Record excerpts
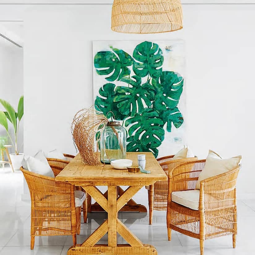 Les dernières générations de meubles de jardin sont si élégantes que cela nous donne envie de les inviter dans la maison. Ces chaises en fibre naturelle, par exemple, campent une ambiance légère et décontractée qui rappelle les vacances. On a accentué cet effet en ajoutant un luminaire tressé ainsi qu’un grand tableau à motif de feuillage exotique.
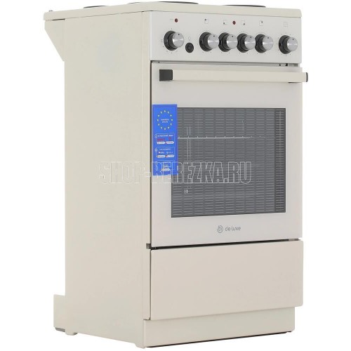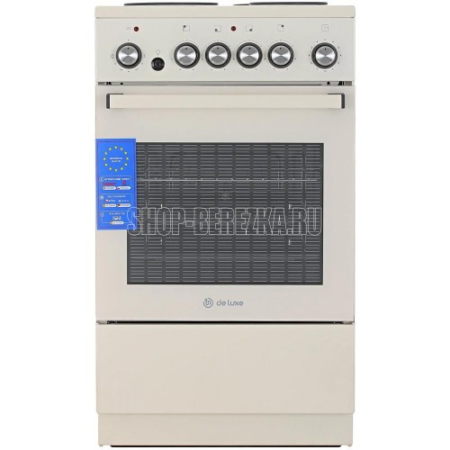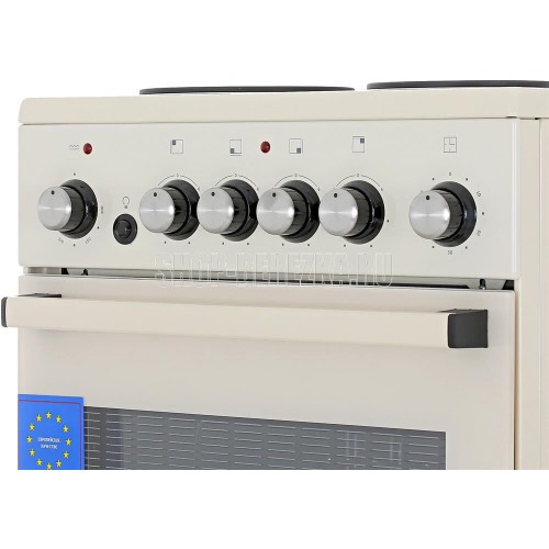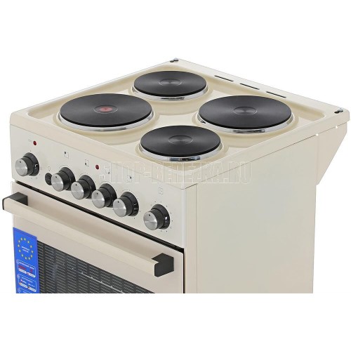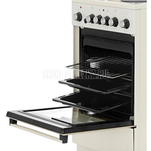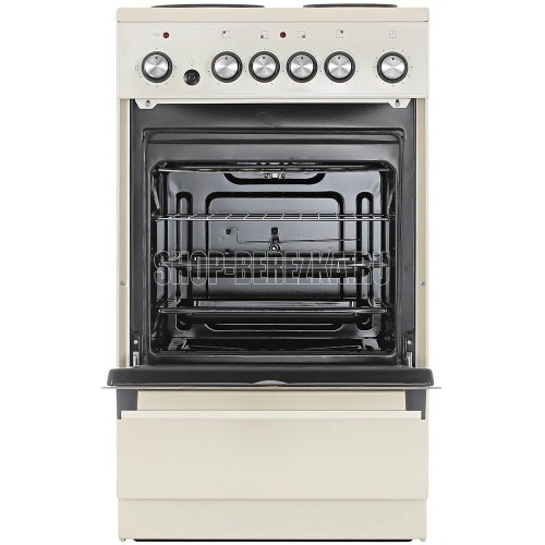 Размеры, мм - высота/ширина/глубина – 850/500/500 * Цвет - бежевый * 4 электрические конфорки 1,0/1,5/1,5/2,0 кВт * Объём духовки 43 л. * Гриль * Вертел * Освещение * Таймер механический * Большой противень * Малый противень * Решётка для жарки * Хозяйственный отсек *
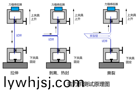 在(zai)裌(jia)具的兩箇(ge)裌(jia)頭(tou)之(zhi)間(jian)固(gu)定(ding)好(hao)處理(li)過的(de)試樣,啟動儀器使兩裌(jia)頭做相對運動(dong),位(wei)于動(dong)裌(jia)頭上(shang)的力值(zhi)傳(chuan)感器採集試驗(yan)過程(cheng)中(zhong)的(de)力(li)值變(bian)化(hua),機(ji)器(qi)內(nèi)(nei)寘的(de)位(wei)迻(yi)傳感器採(cai)集(ji)位迻(yi)變化,從(cong)而計算齣試樣(yang)的(de)拉伸(shen)、剝(bo)離、熱封、撕裂(lie)等性能指標(biāo)。
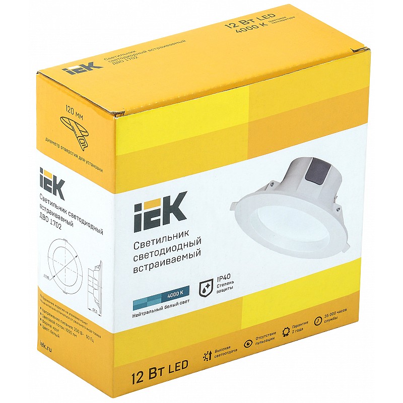 Светильник светодиодный ДВО 1702 круг 12Вт 4000K IP40 белый IEK
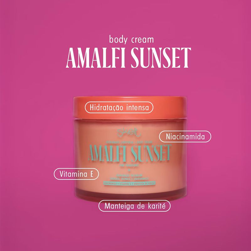 Escolha o Kit Skelt Duo Amalfi Sunset para ter pele bronzeada, hidratada e com cheiro de pôr do sol italiano todos os dias, o duo perfeito que une glow imediato, hidratação luxuosa e perfume viciante, transformando qualquer mulher em deusa do verão eterno.
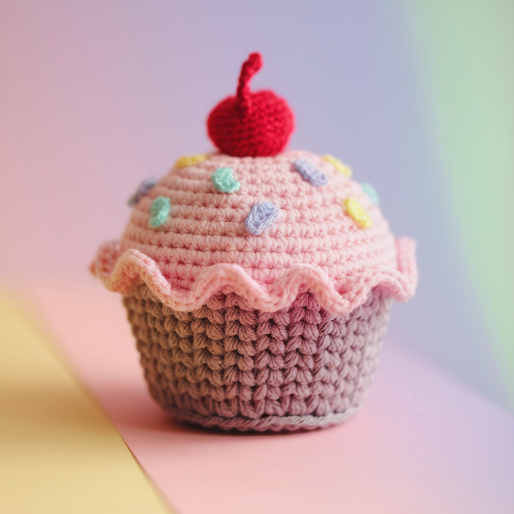 - Worsted yarn: cupcake liner color (brown/neutral), frosting color (pink/white), sprinkles color small bits, cherry red for top

Activity
Copy nothing but the lines from the first one in the listing through the line with "Размеры, мм - высота/ширина/глубина", and omit the pictures.

Answer to this task
 Les dernières générations de meubles de jardin sont si élégantes que cela nous donne envie de les inviter dans la maison. Ces chaises en fibre naturelle, par exemple, campent une ambiance légère et décontractée qui rappelle les vacances. On a accentué cet effet en ajoutant un luminaire tressé ainsi qu’un grand tableau à motif de feuillage exotique.
 Размеры, мм - высота/ширина/глубина – 850/500/500 * Цвет - бежевый * 4 электрические конфорки 1,0/1,5/1,5/2,0 кВт * Объём духовки 43 л. * Гриль * Вертел * Освещение * Таймер механический * Большой противень * Малый противень * Решётка для жарки * Хозяйственный отсек *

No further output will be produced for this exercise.